Internet Self-Regulation

The discussion around Internet regulation and principles is not new. It goes back to the early days of the Internet. The Internet was never a law-free zone but developed mainly in the shadow of specific governmental regulation. In contrast to telecommunication and broadcasting—which soon after its early adoption was regulated by national telecommunication and broadcasting laws—nobody introduced a national Internet law after the TCP/IP protocol opened the door for the development of a net of networks what we call today the Internet.

The self-regulatory mechanisms which were introduced by the Internet community itself—a small group of geeks and freaks in the 1970s and 1980s—was seen as sufficient enough to manage the emerging network. The RFC procedure, introduced already in 1969, provided the rules to guarantee the needed stability and flexibility and to get emerging problems under control.

One example was the ‘Netiquette’, a number of ethical norms as basic guidelines for fair Internet behavior by individual users. The netiquette was developed in the 1980s when text-based e-mail, Telnet, Usenet, Gopher and FTP from educational and research bodies dominated Internet traffic.

The World Wide Web, invented in 1991, was a watershed for the Internet. Within a couple of years the number of Internet users exploded and reached 300 million in 1995. The Internet pioneers realized quickly that they have to do something with their internal rules.

Sally Hambridge from Intel published in October 1995 RFC 1855 which summarized and re-described the Guidelines for a ‘Netiquette on the Internet’. “Today”, wrote Hambridge, “the community of Internet users includes people who are new to the environment. These ‘Newbies’ are unfamiliar with the culture and don’t need to know about transport and protocols. In order to bring these new users into the Internet culture quickly, this Guide offers a minimum set of behaviors which organizations and individuals may take and adapt for their own use.”
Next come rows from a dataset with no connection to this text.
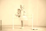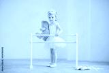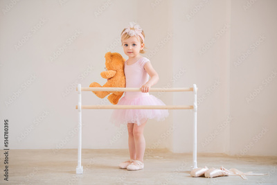 Cute blue-eyed baby ballerina in pink, standing near the ballet barre with a teddy bear in her hands. Dream concept of becoming a ballerina.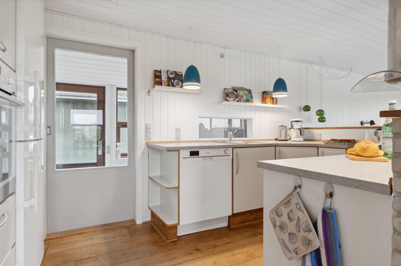 Køkkenet er udstyret med 1 køleskab. Der er 4 keramiske kogeplader, bageovn, mikrobølgeovn samt opvaskemaskine.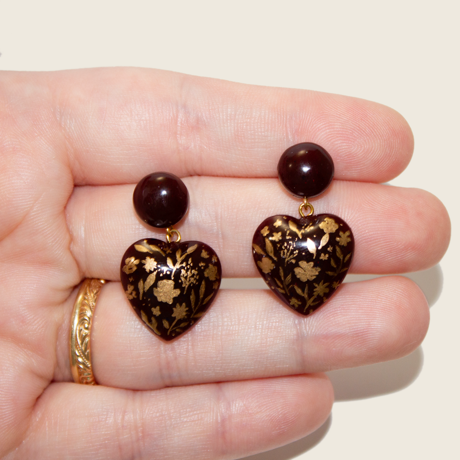 Materials: Resin, gold filled wire, titanium earring posts, gold paint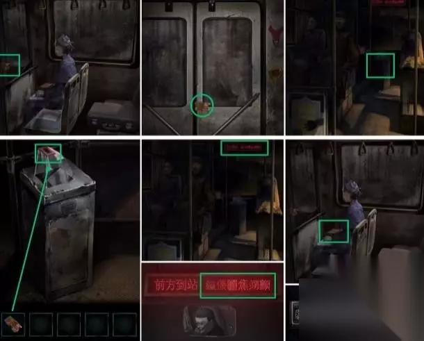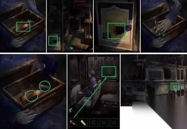 2、点击盒子,点击高跟鞋,依照【食指、小指、拇指、中指、无名指】顺序扒开女人的手,取得高跟鞋和焟烛,再用高跟鞋砸烂车窗,逃离公交车,随后点击紧急开关按钮,车门打开。

RFC 1855 includes a number of good guidelines as the ‘robustness principle’, better known as Postel’s law, from RFC 761: “Be conservative in what you send; be liberal in what you accept.” But RFC 1855 also includes rules like “don’t send unsolicited mail” and “respect the copyright on material that you reproduce”. The problem with the Netiquette was that it did not have any implementation mechanism and it was known and accepted only among the small community of geeks and freaks. Responsible people respected the rules, but irresponsible behavior remained unpunished. When criminals, hate preachers, paedophiles, vandals and terrorists populated the net at the end of the 1990s, the ‘Netiquette’ reached its limits.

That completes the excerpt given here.